■ Aim of the task
Print the lines exactly. Start at the first line of the material below, end with the line that contains "Loan Consultant, loanDepot", and skip all pictures.

== == ==

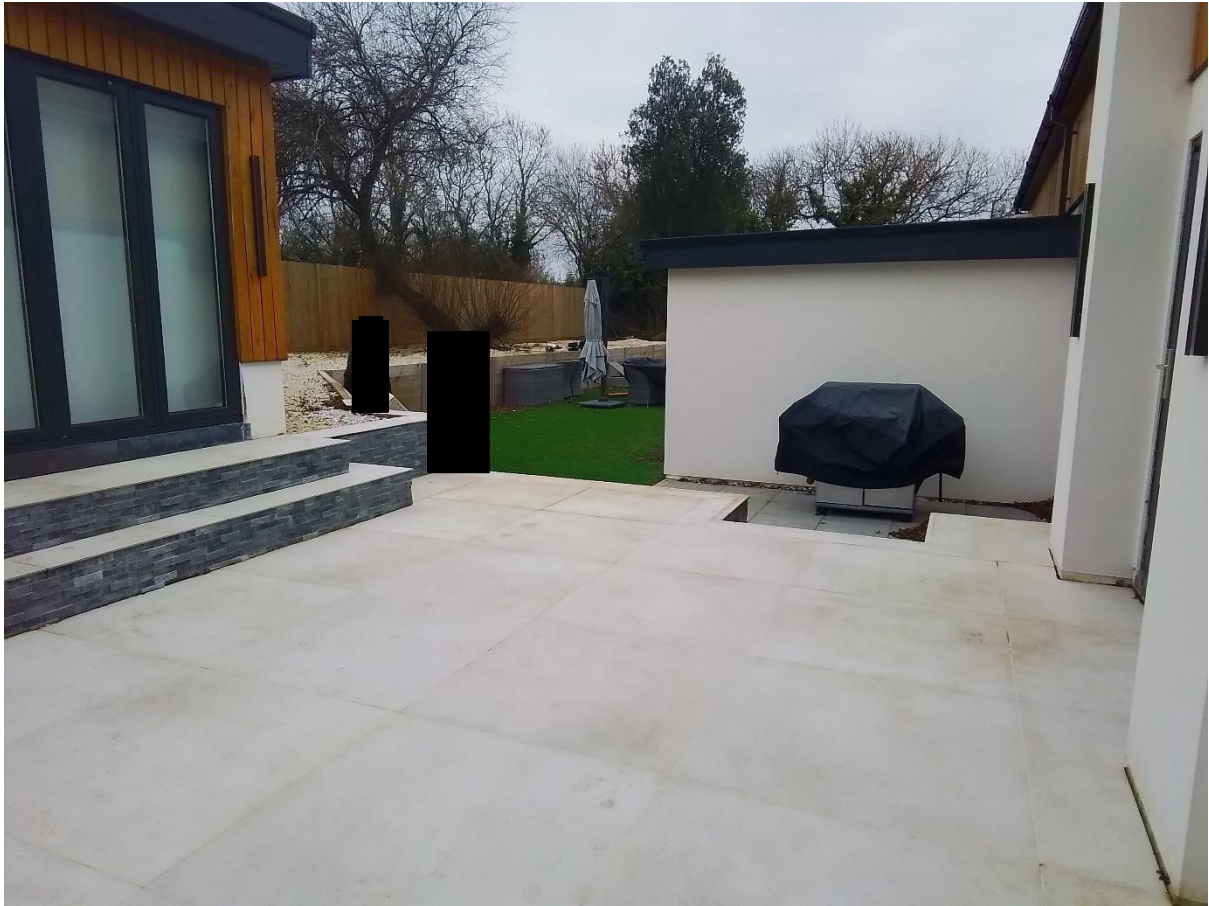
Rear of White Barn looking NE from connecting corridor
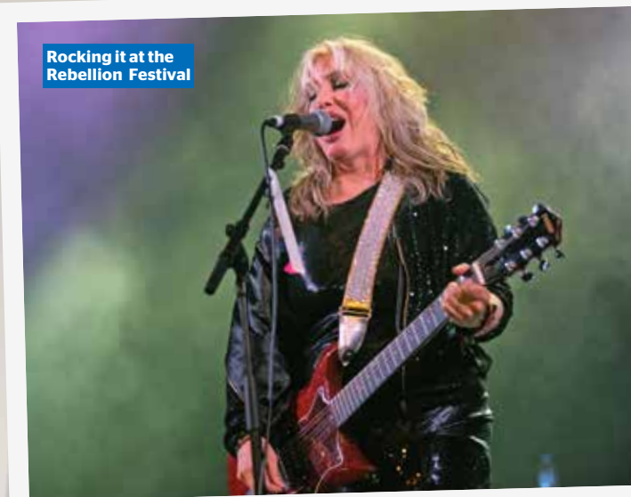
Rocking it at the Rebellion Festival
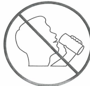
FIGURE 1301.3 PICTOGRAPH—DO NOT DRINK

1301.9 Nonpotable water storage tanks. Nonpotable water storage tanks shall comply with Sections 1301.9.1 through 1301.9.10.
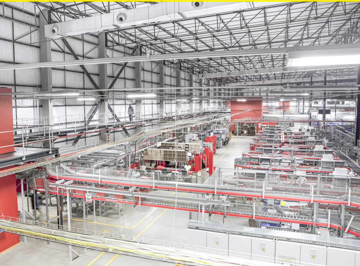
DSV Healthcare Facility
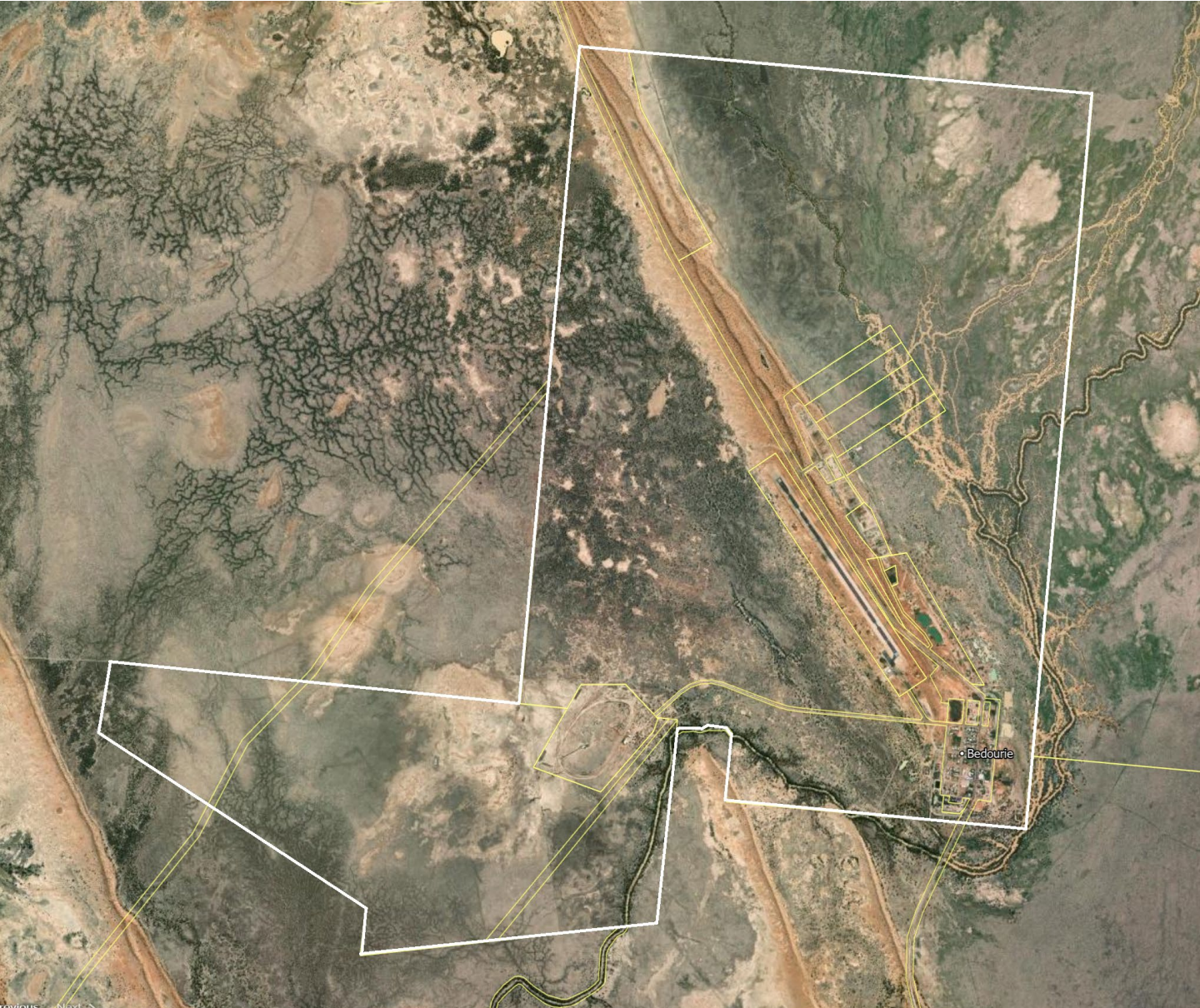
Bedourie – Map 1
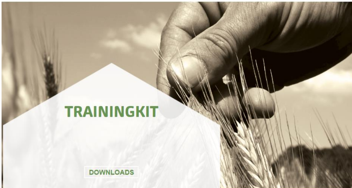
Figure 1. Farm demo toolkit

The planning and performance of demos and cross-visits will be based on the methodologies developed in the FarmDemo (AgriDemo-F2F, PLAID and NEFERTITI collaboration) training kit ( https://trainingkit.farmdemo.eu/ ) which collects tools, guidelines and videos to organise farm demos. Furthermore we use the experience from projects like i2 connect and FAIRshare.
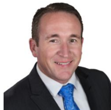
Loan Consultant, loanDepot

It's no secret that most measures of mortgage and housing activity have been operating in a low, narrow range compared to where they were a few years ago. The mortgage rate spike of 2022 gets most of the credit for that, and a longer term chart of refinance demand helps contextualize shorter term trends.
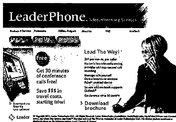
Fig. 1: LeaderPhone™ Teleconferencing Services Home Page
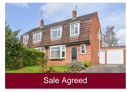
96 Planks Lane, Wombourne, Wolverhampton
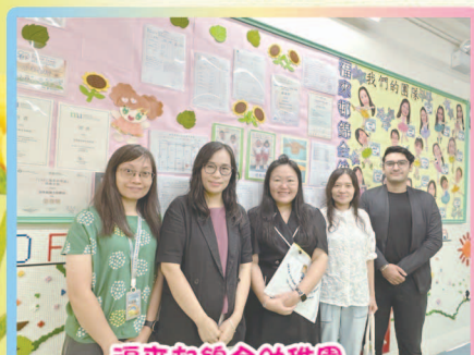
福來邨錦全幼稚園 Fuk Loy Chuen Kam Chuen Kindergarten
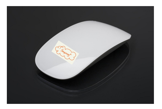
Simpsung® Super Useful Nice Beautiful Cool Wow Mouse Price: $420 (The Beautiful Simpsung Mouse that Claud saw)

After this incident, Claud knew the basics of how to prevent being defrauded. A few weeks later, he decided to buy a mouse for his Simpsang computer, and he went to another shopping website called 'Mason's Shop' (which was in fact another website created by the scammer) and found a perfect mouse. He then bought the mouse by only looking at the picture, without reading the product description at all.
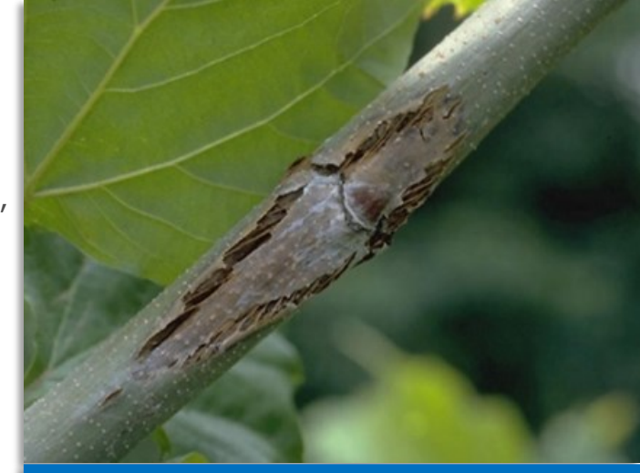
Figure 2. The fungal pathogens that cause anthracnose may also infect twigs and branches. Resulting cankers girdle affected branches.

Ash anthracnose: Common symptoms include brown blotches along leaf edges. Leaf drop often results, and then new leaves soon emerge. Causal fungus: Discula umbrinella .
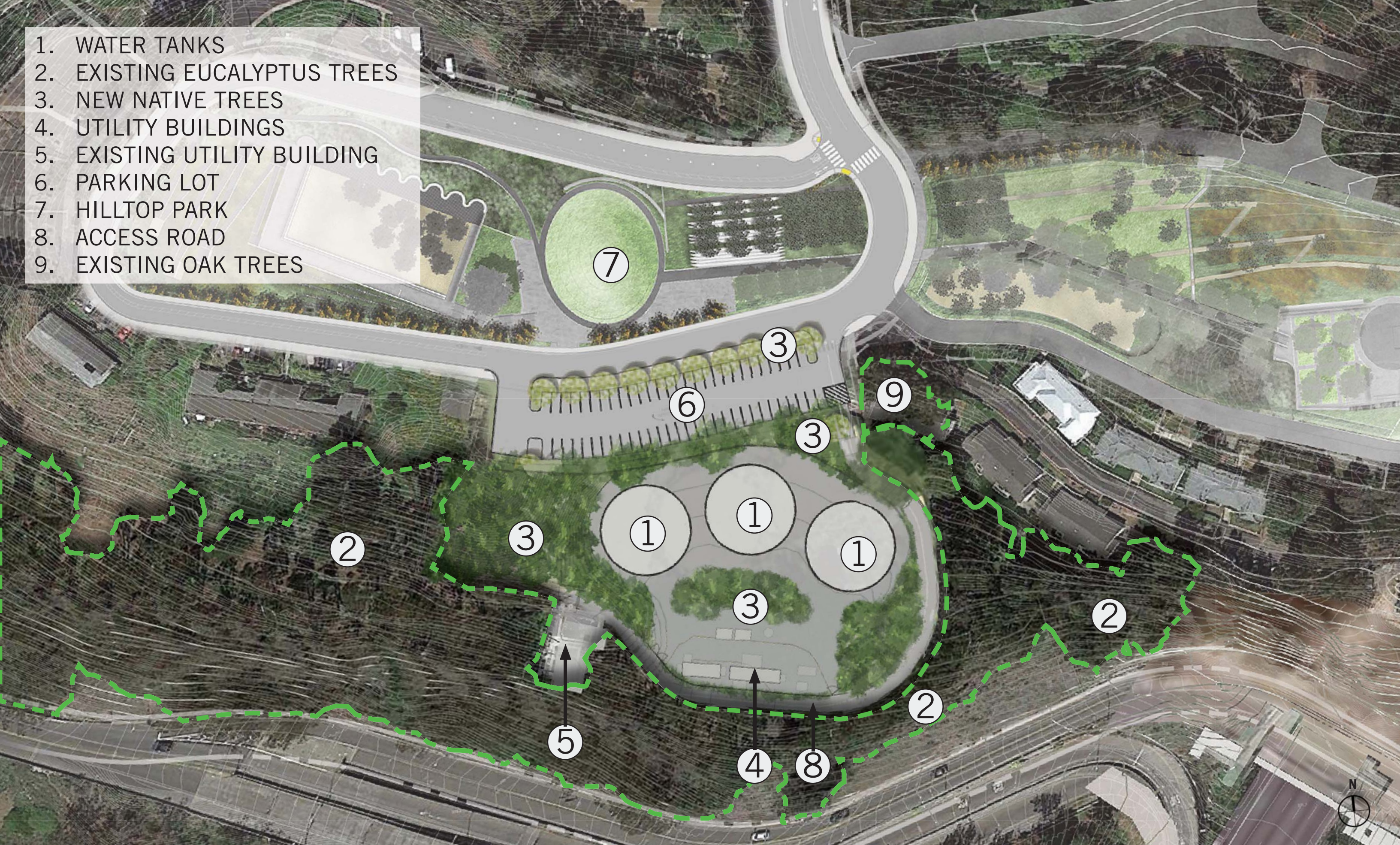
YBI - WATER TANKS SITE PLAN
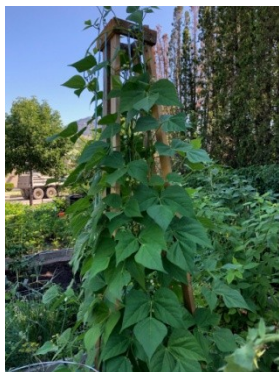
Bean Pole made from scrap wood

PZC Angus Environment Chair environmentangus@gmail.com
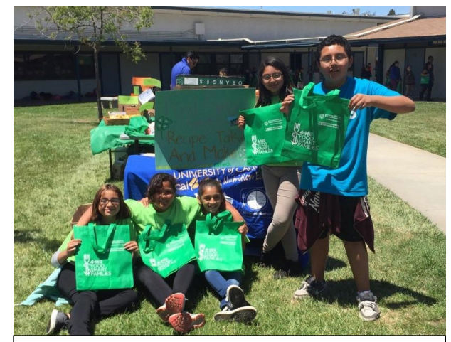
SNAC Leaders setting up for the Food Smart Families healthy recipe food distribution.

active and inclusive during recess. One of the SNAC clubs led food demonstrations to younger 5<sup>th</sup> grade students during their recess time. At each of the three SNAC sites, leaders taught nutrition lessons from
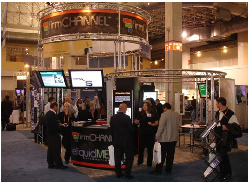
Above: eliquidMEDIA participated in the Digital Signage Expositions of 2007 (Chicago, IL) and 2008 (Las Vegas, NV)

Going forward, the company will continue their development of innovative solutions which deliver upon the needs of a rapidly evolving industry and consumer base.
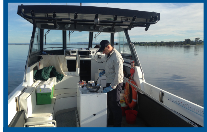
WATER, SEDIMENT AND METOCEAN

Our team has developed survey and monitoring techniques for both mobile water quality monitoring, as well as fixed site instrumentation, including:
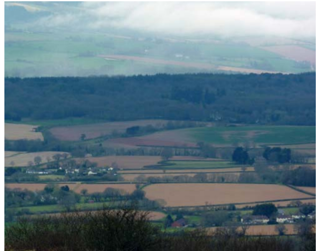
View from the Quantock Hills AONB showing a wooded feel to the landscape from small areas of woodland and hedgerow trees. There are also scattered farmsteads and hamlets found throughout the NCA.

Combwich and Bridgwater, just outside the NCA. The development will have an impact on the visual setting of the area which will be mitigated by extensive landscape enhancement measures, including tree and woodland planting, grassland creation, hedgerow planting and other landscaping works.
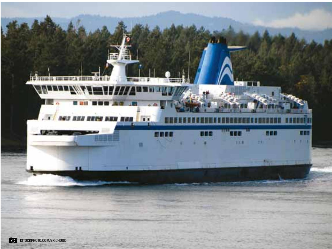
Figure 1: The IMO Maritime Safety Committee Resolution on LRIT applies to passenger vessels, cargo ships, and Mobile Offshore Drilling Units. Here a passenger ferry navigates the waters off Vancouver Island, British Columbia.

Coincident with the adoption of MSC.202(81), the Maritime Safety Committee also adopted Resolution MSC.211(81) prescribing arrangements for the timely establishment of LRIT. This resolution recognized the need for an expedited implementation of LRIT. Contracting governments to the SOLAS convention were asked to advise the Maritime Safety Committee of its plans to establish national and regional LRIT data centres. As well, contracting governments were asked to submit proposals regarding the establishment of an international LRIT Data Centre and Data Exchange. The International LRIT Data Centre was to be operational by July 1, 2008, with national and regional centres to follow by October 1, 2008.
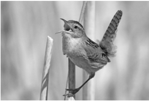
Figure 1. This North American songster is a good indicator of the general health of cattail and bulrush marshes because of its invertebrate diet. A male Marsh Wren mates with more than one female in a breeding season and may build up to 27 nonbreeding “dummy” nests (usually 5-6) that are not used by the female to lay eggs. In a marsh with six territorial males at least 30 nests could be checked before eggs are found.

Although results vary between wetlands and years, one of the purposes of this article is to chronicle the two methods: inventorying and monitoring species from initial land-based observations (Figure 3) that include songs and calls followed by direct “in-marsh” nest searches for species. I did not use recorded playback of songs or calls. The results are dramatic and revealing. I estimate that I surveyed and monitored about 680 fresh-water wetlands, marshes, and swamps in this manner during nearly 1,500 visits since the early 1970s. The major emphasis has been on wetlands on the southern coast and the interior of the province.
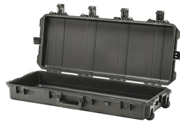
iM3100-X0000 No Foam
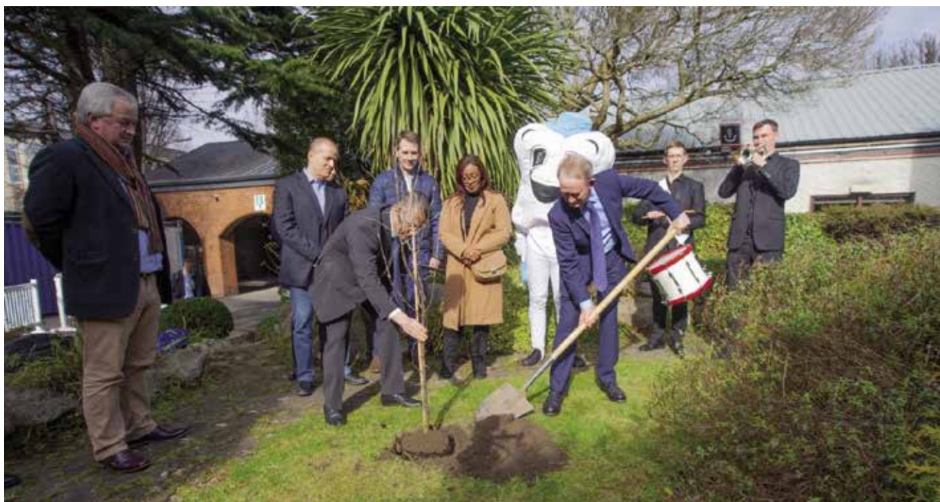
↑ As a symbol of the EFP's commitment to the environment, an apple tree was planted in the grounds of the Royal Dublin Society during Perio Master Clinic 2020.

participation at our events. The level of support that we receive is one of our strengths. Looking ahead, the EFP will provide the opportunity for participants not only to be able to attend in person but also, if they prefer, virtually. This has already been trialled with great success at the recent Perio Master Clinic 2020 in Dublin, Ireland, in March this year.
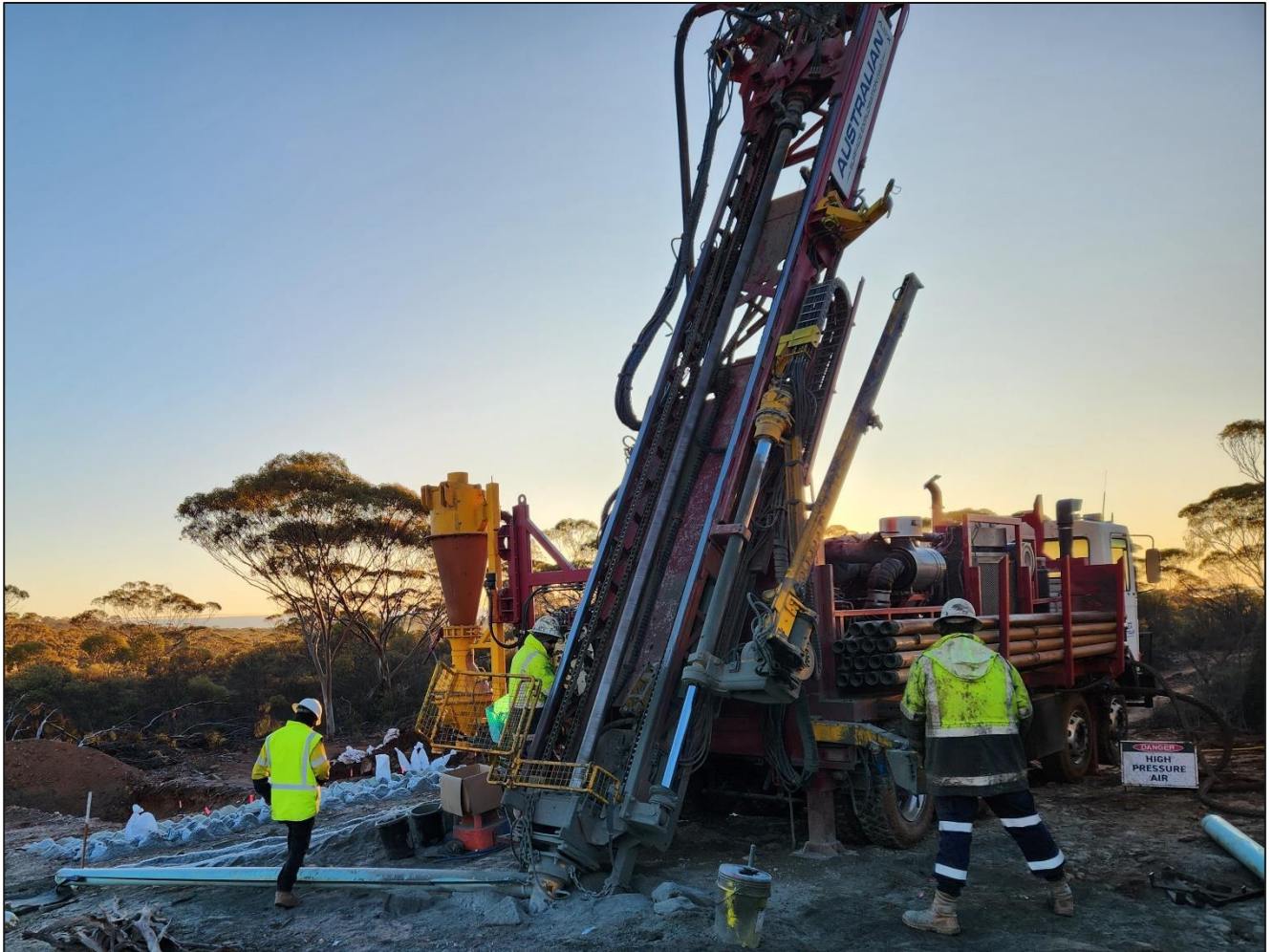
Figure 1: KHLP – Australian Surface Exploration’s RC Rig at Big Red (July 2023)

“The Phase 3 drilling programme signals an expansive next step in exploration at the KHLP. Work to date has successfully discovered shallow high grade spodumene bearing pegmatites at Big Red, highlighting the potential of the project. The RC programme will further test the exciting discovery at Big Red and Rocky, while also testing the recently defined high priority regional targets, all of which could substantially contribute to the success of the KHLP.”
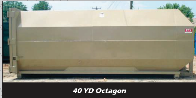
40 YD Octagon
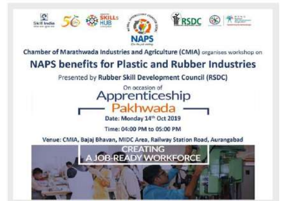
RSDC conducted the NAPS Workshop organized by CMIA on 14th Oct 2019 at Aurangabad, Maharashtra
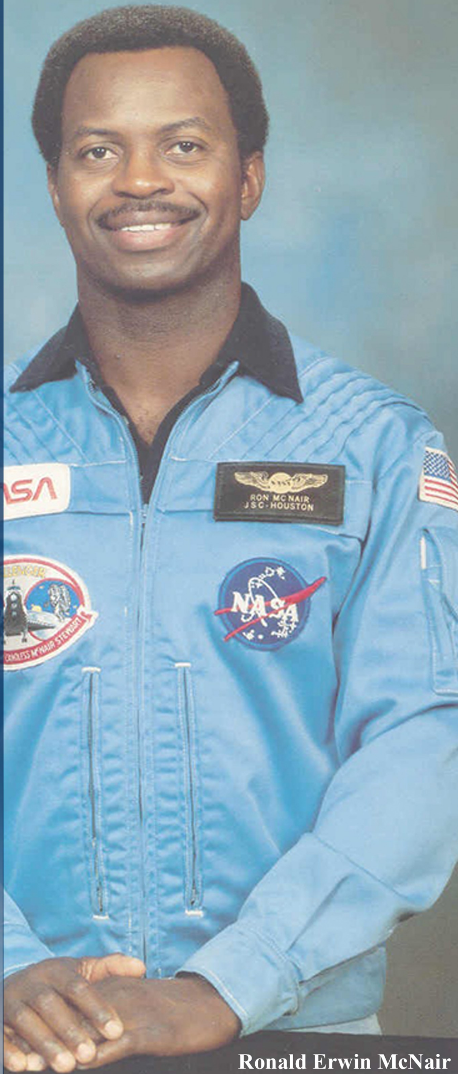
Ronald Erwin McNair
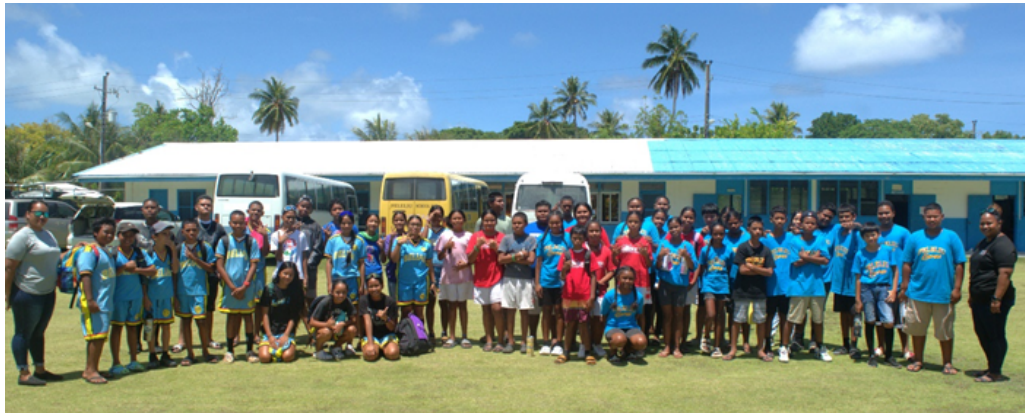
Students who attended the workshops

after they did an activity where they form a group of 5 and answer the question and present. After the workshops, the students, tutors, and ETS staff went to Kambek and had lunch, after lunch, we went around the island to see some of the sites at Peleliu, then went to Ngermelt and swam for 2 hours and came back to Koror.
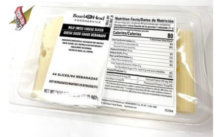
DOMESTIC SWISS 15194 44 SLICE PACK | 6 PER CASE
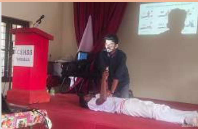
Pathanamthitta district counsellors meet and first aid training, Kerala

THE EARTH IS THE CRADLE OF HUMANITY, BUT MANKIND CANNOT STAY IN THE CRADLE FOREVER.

== == ==

■ Answer to the exercise
Rear of White Barn looking NE from connecting corridor
Rocking it at the Rebellion Festival
FIGURE 1301.3 PICTOGRAPH—DO NOT DRINK

1301.9 Nonpotable water storage tanks. Nonpotable water storage tanks shall comply with Sections 1301.9.1 through 1301.9.10.
DSV Healthcare Facility
Bedourie – Map 1
Figure 1. Farm demo toolkit

The planning and performance of demos and cross-visits will be based on the methodologies developed in the FarmDemo (AgriDemo-F2F, PLAID and NEFERTITI collaboration) training kit ( https://trainingkit.farmdemo.eu/ ) which collects tools, guidelines and videos to organise farm demos. Furthermore we use the experience from projects like i2 connect and FAIRshare.
Loan Consultant, loanDepot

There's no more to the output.